Anthologist André Naffis-Sahely says he provided a historical perspective to The Heart of a Stranger: An Anthology of Exile Literature. From Ancient Egypt to contemporary poetry, six continents, over a hundred contributors, drawn from twenty-four languages, Naffis-Sahely calls it a platform for writers who need wider exposure. It is unexplored world literature that is not part of any canon but that includes the classics; it is moving political poetry that is not merely political—as beautiful and moving as any poetry at all.
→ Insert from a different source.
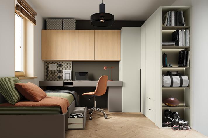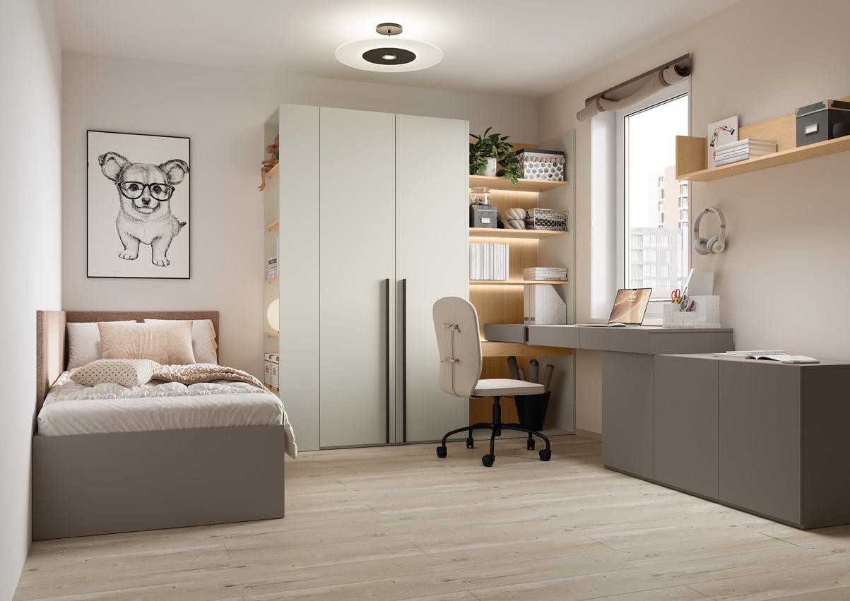 To przemyślane rozwiązanie, które pozwala na stworzenie spójnej i oszczędnej aranżacji, idealnej do niewielkich wnętrz. Wszystko po to, by każda strefa w pokoju – do nauki, odpoczynku i przechowywania miała swoje miejsce, bez kompromisów.

It is lost souls restoring their sense of home.

An excerpt from The Heart of a Stranger: An Anthology of Exile Literature

Civilization begets exile; in fact, being banished from one’s home lies at the root of our earliest stories, whether human or divine [...] and my aim with this anthology was to produce a miniature history of humanity as seen through the prism of exile. In fact, if our earliest texts are any indication, the very concept of recorded history — and literature — appears to spring out of the necessity of exile, preserving in our minds what had been bloodily erased on earth.
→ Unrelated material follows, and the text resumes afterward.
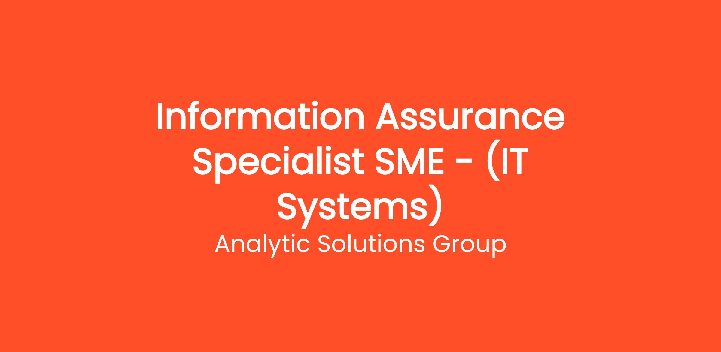 Exciting opening for a SME Information Assurance Specialist to support a large customer organization in the fast-growing National Security Group. This position is located in Bethesda; MD. Candidates must currently possess a TS/SCI Polygraph security clearance.

____________________________________________________

Although Ovid taught us to see the “Exile” as a whiny, withered husk forever longing for the branch it was unhappily torn from, I wanted this anthology to showcase an alternative genealogy of misfits, rebels, heretics, contrarians, activists and revolutionaries. Exile, this anthology argues, can be defiant, like Emma Goldman aboard the USS Buford, or Leon Trotsky’s stirring “Letter to the Workers of the USSR”, written months before Stalin’s pickaxe found him in Mexico City; it can be horrifying, as the Polish legionnaires learnt while fighting to oppress a people they knew nothing about in Haiti; it can be depressing, like Giacomo Leopardi’s poem on Italy’s sorry state following the tumults of the Napoleonic Wars; however, it can speak of heroism, like the sacrifices made by poets such as Yannis Ritsos and Abdellatif Laâbi, all of whom spent long years in prison for their peaceful activism, or for their 'crimes of opinion'.